J’ai déjà traité à plusieurs reprises des rapports entre films et histoire dans les colonnes de ce blog. Néanmoins, ces articles concernaient surtout les polémiques suscitées par lesdites œuvres cinématographiques, par exemple à Dunkerque de Christopher Nolan. J’en avais conclu que les films sont avant tout des œuvres ayant un discours propre – et donc une interprétation personnelle – sur les événements mis en scène, plutôt que comme des mises en images fidèles. De fait, cette fois-ci, je voudrais sortir de cette thématique pour avoir une perspective plutôt “filmo-centrée”, c’est-à-dire étudier quel discours se dégage de telle ou telle œuvre.

Dans les prochaines lignes, je voudrais rapidement revenir sur le discours sur son histoire locale porté par le film taïwanais Detention. En effet, des scènes et personnages peuvent être interprétés comme des éléments d’un discours sur les événements passés, leur mémoire et leurs rapports avec la société taïwanaise actuelle. Je ne prétends pas faire état d’une pensée parfaitement aboutie. En effet, malgré la lecture de quelques ouvrages, mes connaissances sur l’histoire sur l’histoire taïwanaise sont encore faibles et fragiles, une discussion en ligne me l’a encore rappelé récemment. Je vais malgré tout tenter de défricher quelques pistes de réflexion.

 

Présentation générale :

 

Le film Detention (en chinois 返校 fan xiao) est une adaptation assez libre du jeu vidéo d’horreur du même nom. Ce dernier a été développé par le studio Red Candle Games, également auteur de l’excellentissime Devotion, et est sorti en 2017. Suite au succès du jeu vidéo, Red Candle Games a vendu les droits d’adaptation à 1 Production Film [1]. Réalisé par John Hsu, le film est sorti le 20 septembre et n’est disponible, à l’heure actuelle, qu’à Taïwan.

Les deux œuvres se déroulent dans un lycée pendant la période de la loi martiale [2], entre 1949 et 1987. Deux élèves, un garçon (Wei Zhong-ting) et une fille (Fang Rui-Hsin), se réveillent un jour de pluie dans leur lycée, désert du fait du typhon. Ils sont bloqués dans l’enceinte de l’établissement, le pont enjambant la rivière toute proche ayant été emporté par le courant déchaîné.

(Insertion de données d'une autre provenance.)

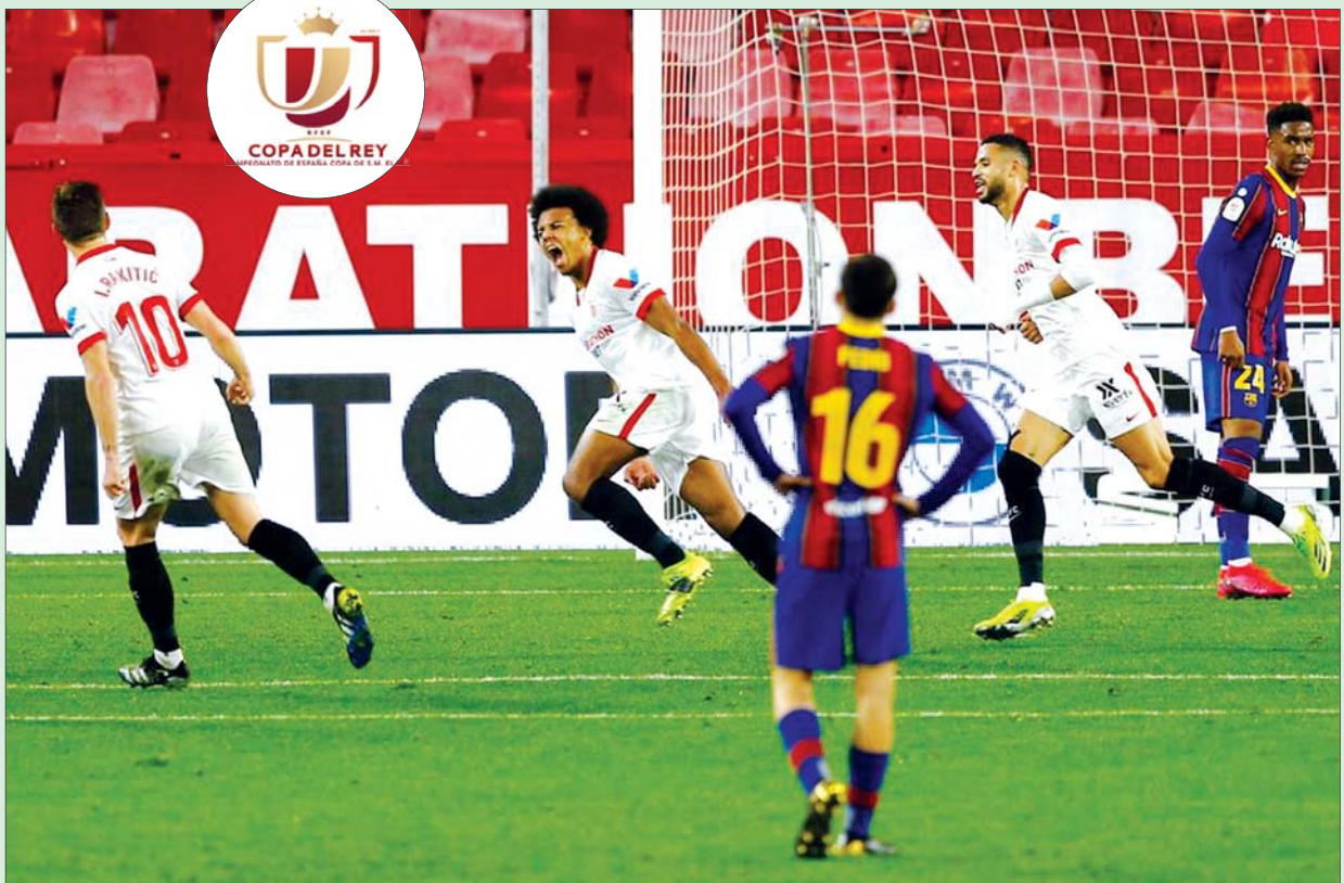
ကိုပါဒယ်ရေးဗလားဆီမီးပိုင်နယ် ပထမအကျော့ပွဲစဉ်တွင် ဆီဗီလာကစားသမားများ ဘာစီလိုနာအသင်းဘက်သို့ ဂိုးသွင်းယူပြီး အောင်ပွဲခံနေမှုကို တွေ့ရစဉ်။

ဘာစီလိုနာအသင်းနဲ့ ဆီဗီလာအသင်းတို့မှ တိုက်စစ်ကစား သမားနှစ်ဦးရဲ့ စွမ်းဆောင်ရည်ကို နှိုင်းယှဉ်ကြည့်သော် ဘာစီလိုနာ အသင်းမှ မက်ဆီက ကိုပါဒယ်ရေးဗလားပြိုင်ပွဲတွင် သုံးပွဲကစား ထားရာ တစ်ဂိုးသွင်းယူပေးထားနိုင်ပြီး ဆီဗီလာအသင်းမှ လုခံ ဒီဂျောင်က ခြောက်ပွဲတွင် သုံးဂိုးသွင်းယူပေးထားနိုင်ပါတယ်။ မက်ဆီ က လာလီဂါ ၂၃ ပွဲတွင် ၁၉ ဂိုးအထိ သွင်းယူပေးထားပြီး ယခုနှစ် ရာသီ လာလီဂါ ဂိုးသွင်းအများဆုံးကစားသမားအဖြစ် ရပ်တည် နေပါတယ်။ ဘာစီလိုနာအသင်းအနေနဲ့ ယခုနှစ်ရာသီ လာလီဂါ ၂၅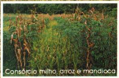
Consórcio milho, arroz e mandioca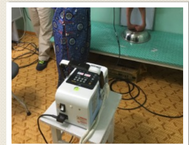
DK 메디칼에서 데모해 주신 포터블 엑스레이로 한단계 올라선 의료봉사를 할수 있었습니다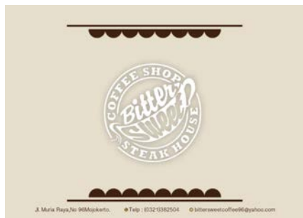
Gambar 11. Cover Kalender Meja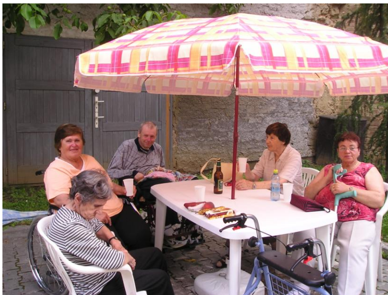
Grilování špekáčků na dvorku domova – klientka C první zprava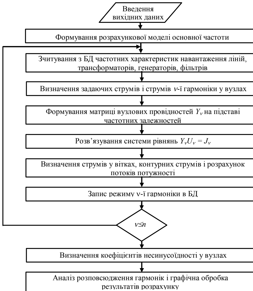
Рис. 2. Алгоритм дослідження розповсюдження гармонік

За умови, що в настроєному на k -ну гармоніку фільтрі kX_L = X_C/k , потужності фільтра на v -й гармоніці визначаються: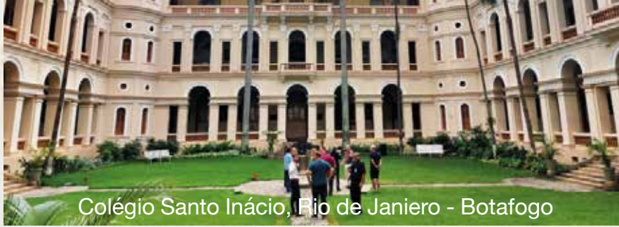
Colégio Santo Inácio, Rio de Janeiro - Botafogo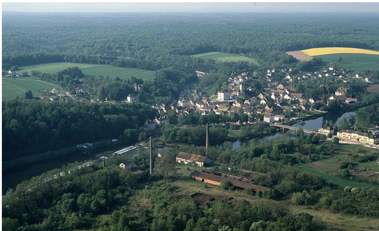
Vue d'ensemble du village et du site industriel depuis le nord (vue rapprochée), photographie aérienne. 39, Fraisans rue de la Gare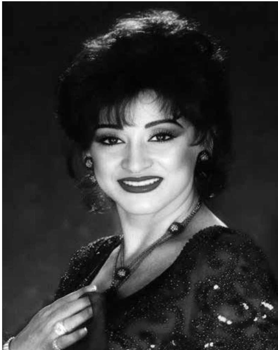
Warda El Djazaïria.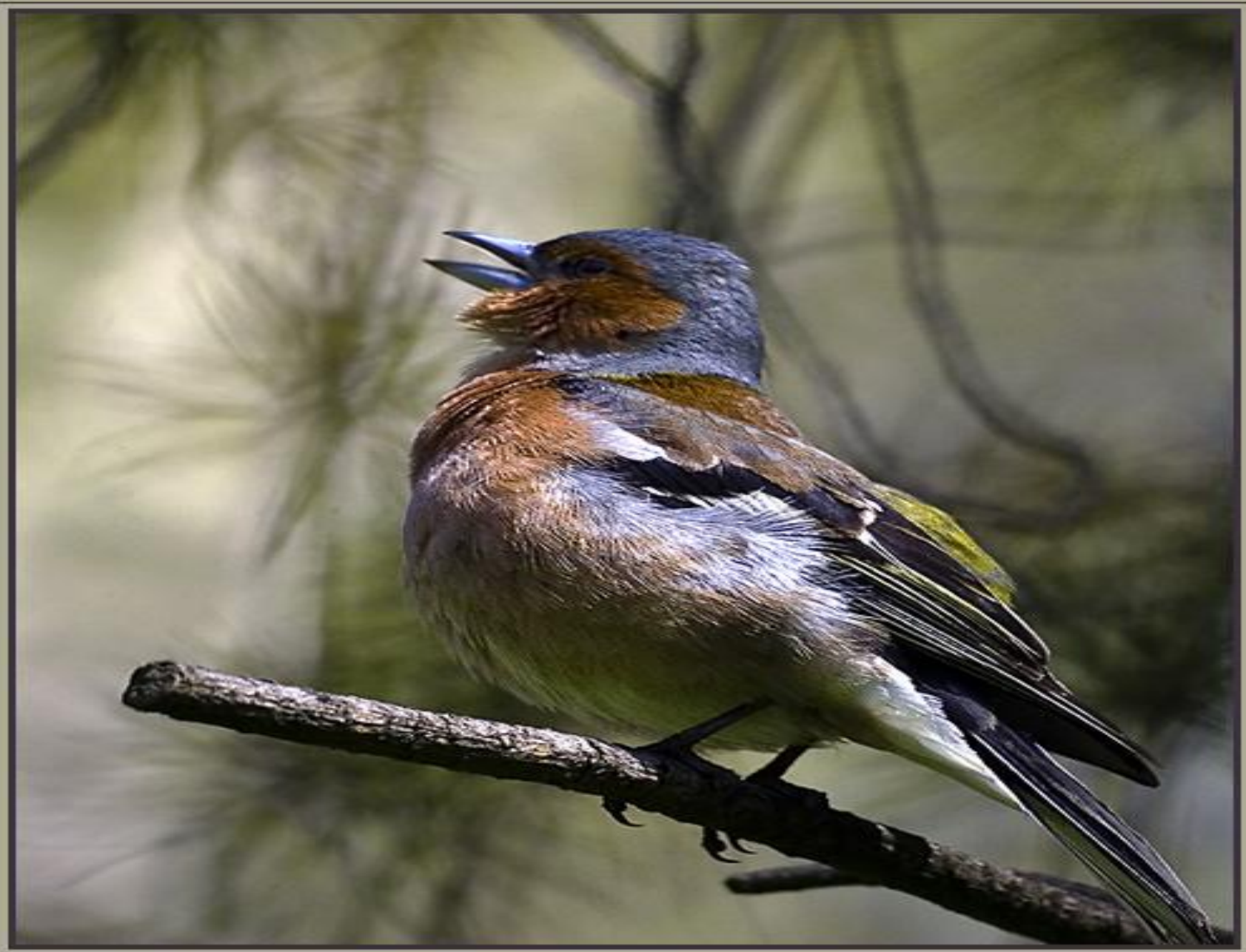
Зяблик ( Fringilla coelebs )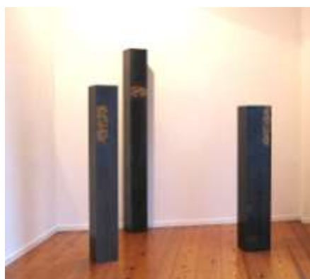
3 SÄULEN unterschiedliche Größen Galerie Georg Nothelfer 2007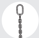
LINGA "SO" Pág. 80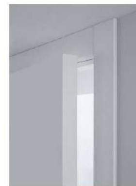
Porto Lualdi - LCD62 - Capitolato Base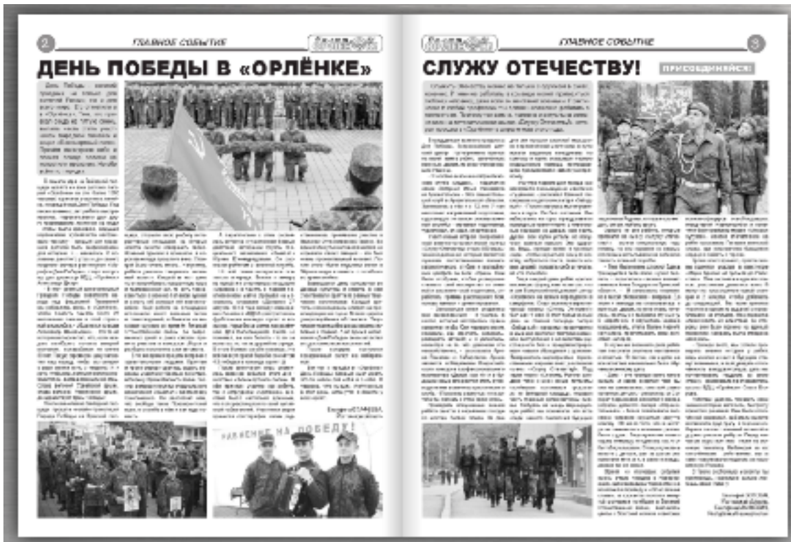
Приложение 2. Рис. 1 и 2. Примеры полос газеты «Салют, «Орленок!»».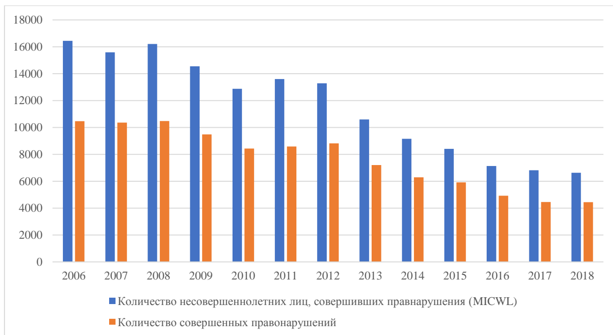
Диаграмм 1. Количество несовершеннолетних лиц, совершивших правонарушения в СРВ, и количество этих правонарушений в период 2006-2018 гг.

Категория несовершеннолетних, совершивших правонарушения (преступления и административные проступки), в англоязычной литературе определяется аббревиатурой MICWL – Minors In Conflict With Law).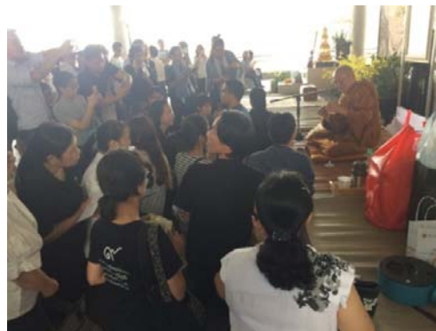
พนักงานร่วมทำวัตรเช้าและฟังธรรมกับพระอาจารย์ไพศาล วิสาโล ณ หอจดหมายเหตุพุทธทาส อินทปัญญ

นอกจากนี้ บริษัทฯ ยังมีส่วนร่วมในการส่งเสริมกิจกรรมทางศาสนาเพื่อให้พนักงานใช้เป็นแหล่งรวมจิตใจ สร้างความสามัคคี ในองค์กร และอนุรักษ์ประเพณีและวัฒนธรรมอันดีงามให้อยู่คู่กับคนไทย เช่น ประเพณีวันสงกรานต์ และประเพณีทางพระพุทธศาสนาต่างๆ โดยร่วมเป็นเจ้าภาพกับธนาคารกรุงไทย จำกัด (มหาชน) ในงานทอดกฐินสามัคคีประจำปี 2559 เพื่อนำรายได้สมทบทุนในการสร้างห้องพัสดุปฏิบัติวิปัสสนากรรมฐาน ณ ศูนย์วิปัสสนาสากลไร่เชิญตะวัน โดยพระมหาวิศิษฐ์ วชิรเมธี (ท่าน ว.วชิรเมธี) จังหวัดเชียงราย นอกจากนี้ ยังได้ร่วมเป็นเจ้าภาพงานทอดกฐินประจำปีและงานทอดผ้าป่ากับหน่วยงานต่างๆ อาทิเช่น สำนักงานป้องกันและปราบปรามการฟอกเงิน และสำนักงานประกันสังคม เป็นต้น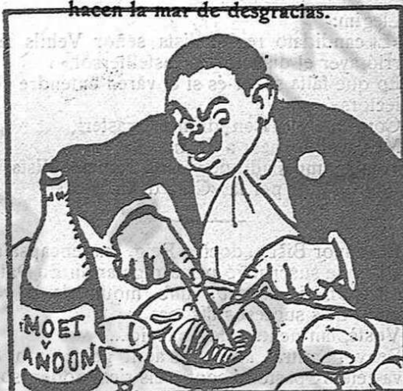
Cada noche en el Lyon cobra fama de glotón.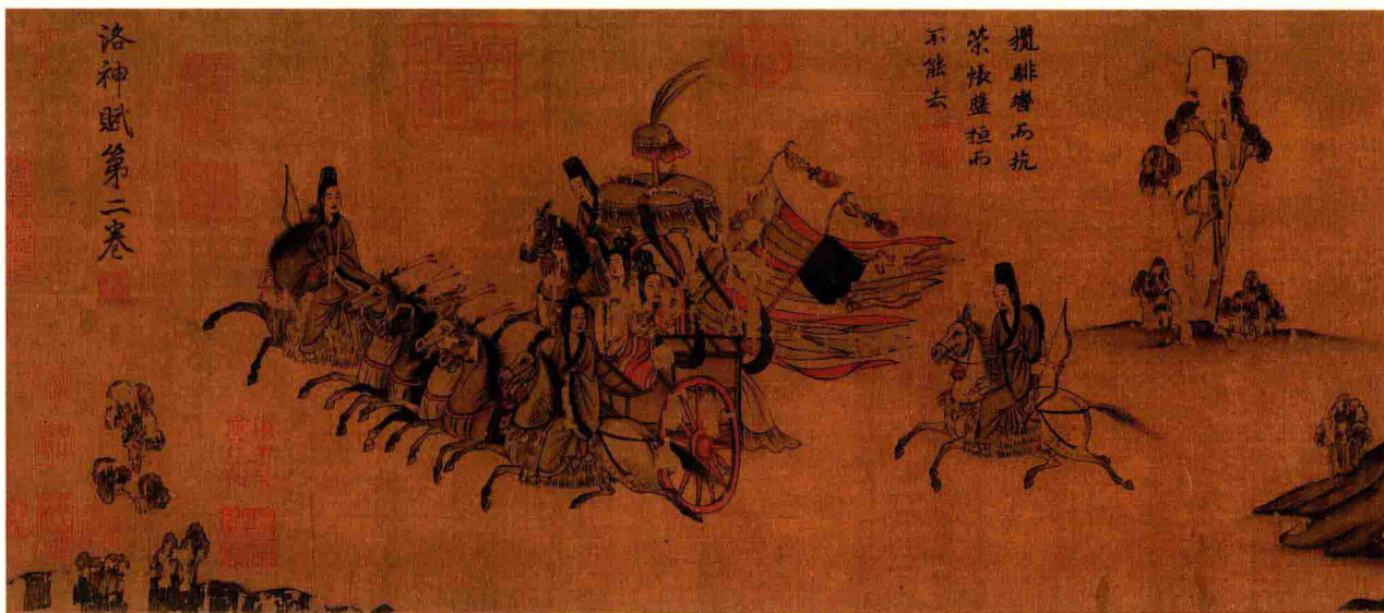
宋·佚名 摹顾恺之洛神赋图（局部） 纸本设色 辽宁省博物馆藏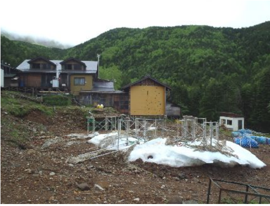
鉱泉にはアイスクャンディの残骸が残る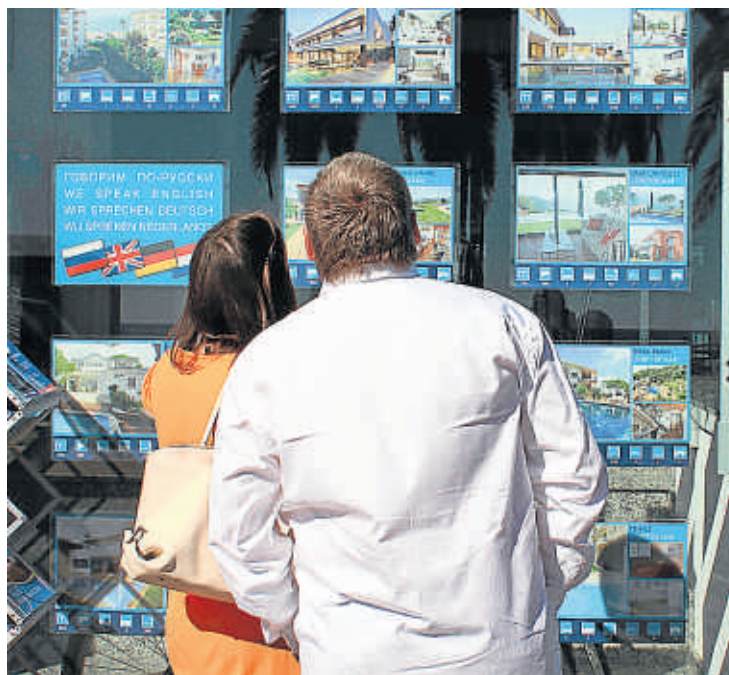
Immobiliària de Lloret especialitzada en la venda a estrangers

Majoritàriament són francesos, seguit de russos, anglesos i holandesos. "Quan es va crear la marca Costa Brava, el client també era francès", recorda el president dels API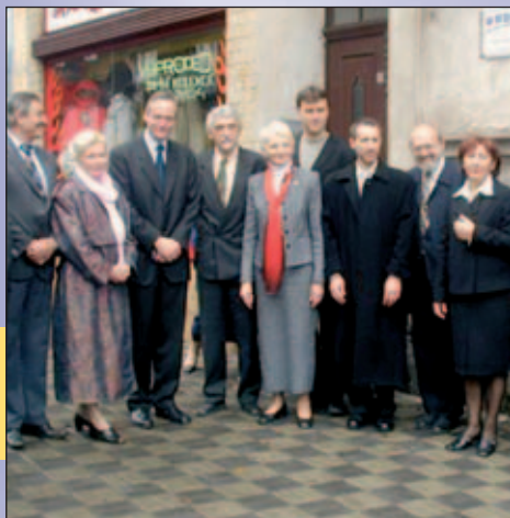
Z. Roithová a C. Svoboda na návštěvě v kraji

Nedomnívám se, že naše neúčast je diskriminující a nejsem zastáncem povinných kvót pro ženy. V každém případě však podporuji angažovanost žen v politice.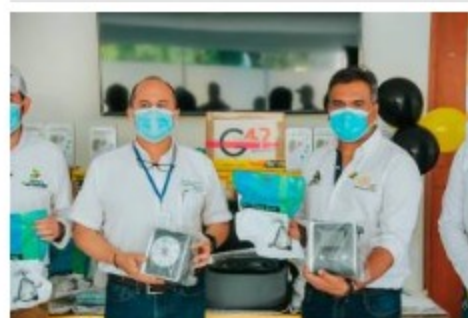
Barrancabermeja recibió 25 ventiladores no invasivos para atender pacientes COVID

"De esta manera seguimos fortaleciendo la oferta de servicios para la atención a pacientes COVID-19 y lograremos salvar más vidas. El funcionamiento de estos equipos de última tecnología permite que el paciente reciba ventilación sin necesidad de ser intubado", explicaron desde la Alcaldía.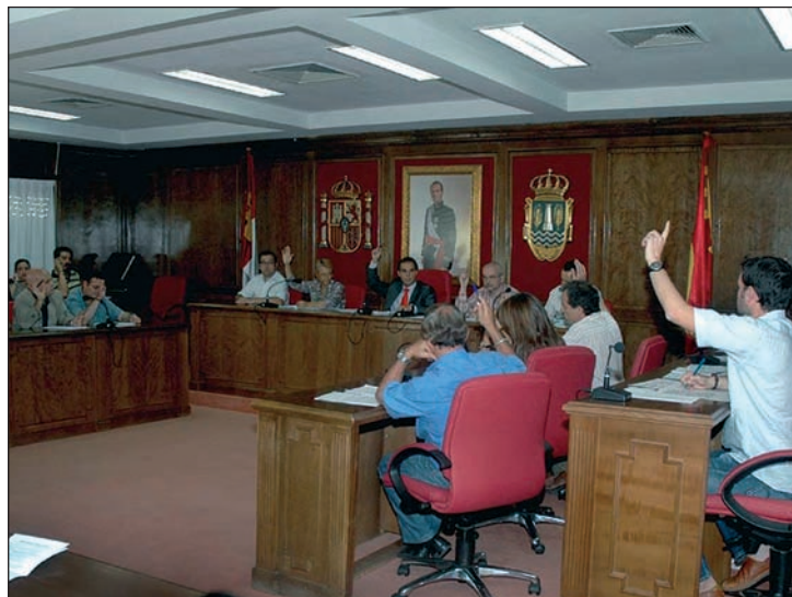
Imagen de archivo del Pleno del Ayuntamiento de Azuqueca

Según el texto, “los ayuntamientos han ido asumiendo competencias impropias que se están financiando con recursos municipales cuando deberían ser financiadas por otras administraciones”. Si a ello se une “una financiación insuficiente e injusta, decisiones como la retirada del IAE (Impuesto de Actividades Económicas) sin la compensación oportuna por parte del Estado y la creciente demanda social de servicios, se puede concluir que se ha llegado a una situación realmente límite”, tal y como recoge este plan de financiación.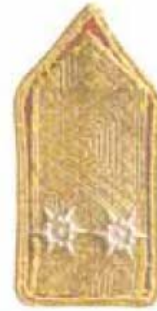
MTSZ országos elnök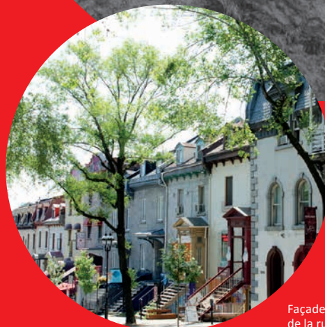
Façades historiques de la rue Saint-Denis

Suite à cela, de nombreux incidents étranges émaillent une quête pour une sortie sûre qui se transforme en réflexion sur leur implication dans un club de lecture récemment démantelé. En effet, dans ce dernier plusieurs élèves et professeurs lisaient et discutaient d’ouvrages prohibés par la censure du gouvernement nationaliste de Chiang Kai-shek. Voilà pour la trame générale commune au film et au jeu vidéo. Avant de rentrer dans le vif du sujet, et donc de divulgâcher, comme disent si joliment nos amis québecois, certains morceaux de l’intrigue, la bande-annonce met bien en évidence l’esthétique globale du film.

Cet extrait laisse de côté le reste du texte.